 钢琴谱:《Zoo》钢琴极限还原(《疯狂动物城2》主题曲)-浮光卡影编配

■ ■ ■ ■ ■ ■ ■

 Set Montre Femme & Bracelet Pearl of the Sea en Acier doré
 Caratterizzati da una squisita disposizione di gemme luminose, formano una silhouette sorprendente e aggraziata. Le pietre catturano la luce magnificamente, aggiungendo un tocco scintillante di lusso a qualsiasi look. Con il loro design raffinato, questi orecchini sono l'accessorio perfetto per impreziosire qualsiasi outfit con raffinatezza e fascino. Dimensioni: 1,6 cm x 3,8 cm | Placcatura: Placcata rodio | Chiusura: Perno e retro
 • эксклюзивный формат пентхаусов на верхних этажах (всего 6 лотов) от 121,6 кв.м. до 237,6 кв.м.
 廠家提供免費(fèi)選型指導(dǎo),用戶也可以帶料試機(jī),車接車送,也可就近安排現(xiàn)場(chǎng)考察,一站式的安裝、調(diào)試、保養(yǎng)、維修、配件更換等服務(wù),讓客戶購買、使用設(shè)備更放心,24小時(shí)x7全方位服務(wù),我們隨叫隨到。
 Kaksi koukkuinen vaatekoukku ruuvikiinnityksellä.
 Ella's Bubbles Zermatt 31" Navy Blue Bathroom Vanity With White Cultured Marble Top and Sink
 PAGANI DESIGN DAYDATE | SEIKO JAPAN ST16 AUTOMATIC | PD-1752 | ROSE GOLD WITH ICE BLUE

■ ■ ■ ■ ■ ■ ■

§ Problem statement: The range runs from the line above containing "Ella's Bubbles Zermatt" to the line containing "PAGANI DESIGN DAYDATE", inclusive. Restate those lines word for word and no others.

§ Solved problem:
 Ella's Bubbles Zermatt 31" Navy Blue Bathroom Vanity With White Cultured Marble Top and Sink
 PAGANI DESIGN DAYDATE | SEIKO JAPAN ST16 AUTOMATIC | PD-1752 | ROSE GOLD WITH ICE BLUE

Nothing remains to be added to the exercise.